I found this article at the Dissident Voice site this morning. Michael K. Smith makes a number of very logical arguments on the health care (or as he calls it, the Disease Care) debate. Anyone who has read anything I posted on this issue knows that I am a confirmed skeptic on the question of how much the proposed reforms will really benefit anyone. The most likely beneficiaries are the health insurance industry and the medical/pharmaceutical industry. If that mess they call reform passes one of the provisions most likely to pass is the mandate that everyone carry health insurance or face a fine for failing to do so.

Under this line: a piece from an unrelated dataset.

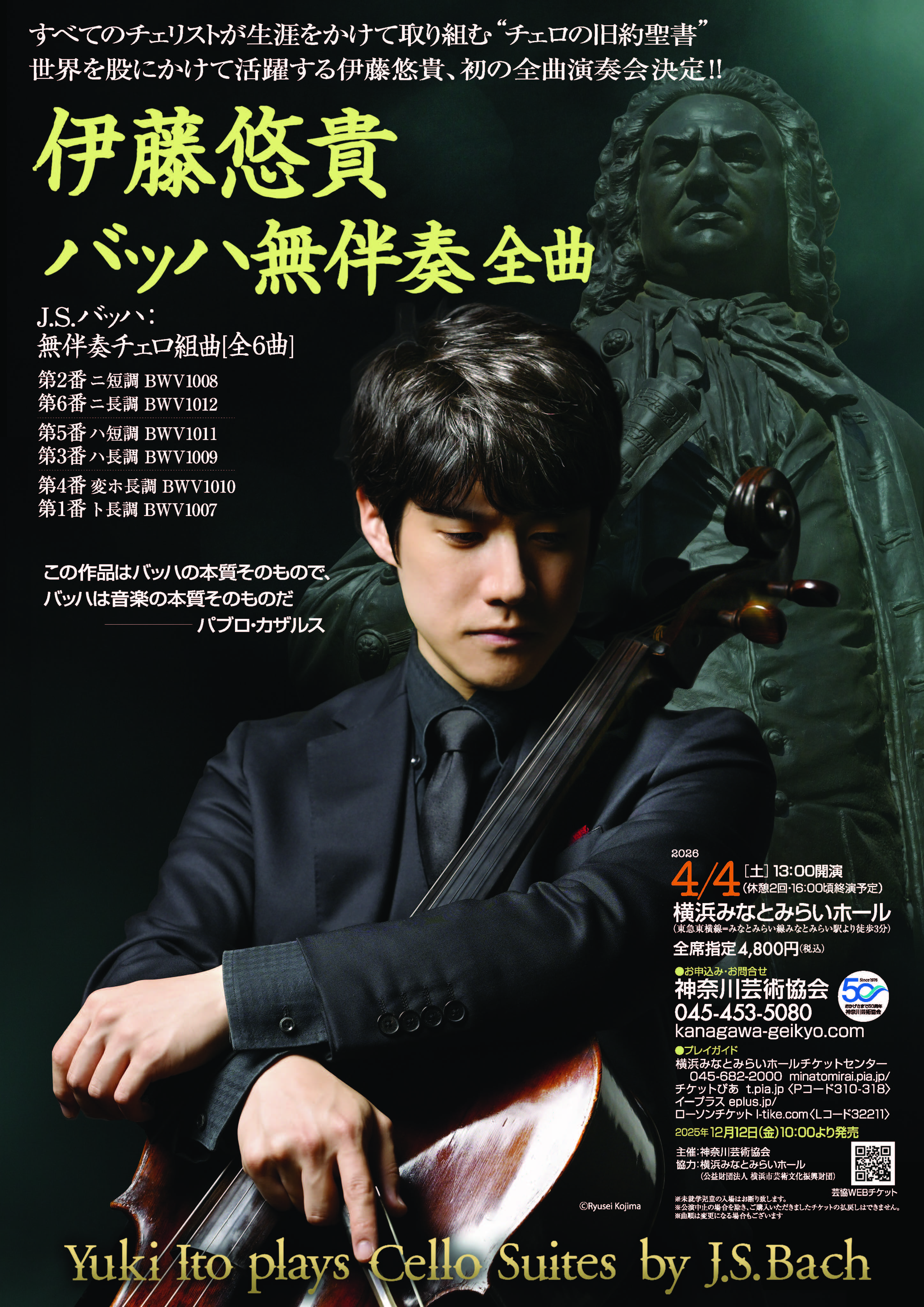 【日時】令和8年4月4日(土)13:00開演 【場所】横浜みなとみらいホール 【募集人数】全席指定10席 【会員負担額】大人3,300円 (一般価格 大人4,800円) 【申込先】伊藤悠貴バッハ無伴奏全曲 【チケット代金の入金方法】神奈川芸術協会から送付される振込用紙で直接納付 【チケット送付方法】チケットはご自宅へ郵送となります。 送料(1件480円)は各自ご負担ください。 【申込締切日】令和8年3月22日(日) 23:59 |

I am sure our legislators (or rather the representatives of big pharma, big insurance, and big medical) think they are being kind and generous by offering need based programs to subsidize the poor and tax credits to take some (not all, by any means) of the sting out of what the middle class will have to pay. That is a massive windfall for them while I have seen nothing that will ensure that costs are in any way contained. Another point that Smith makes that is well taken but largely ignored is that reform fails to address any of the real causes of illness and, if they did, the economic hit for individual companies and industries as well as society in general would be massive.
2 comments:
After what I learned today, I am seriously negative about gov't health care. Please excuse my crudeness, but today I discovered that I have been screwed without getting kissed. Sorry.
My clock has been all messed up this month. Either I think that its a day later then it is or a day earlier. I guess I have my mind on castle age, LOL.
What I would like to know is whatever happened to the free clinic? We don't have any here, do you have any where you live?
That used to take care of a lot of things, why don't we have them anymore?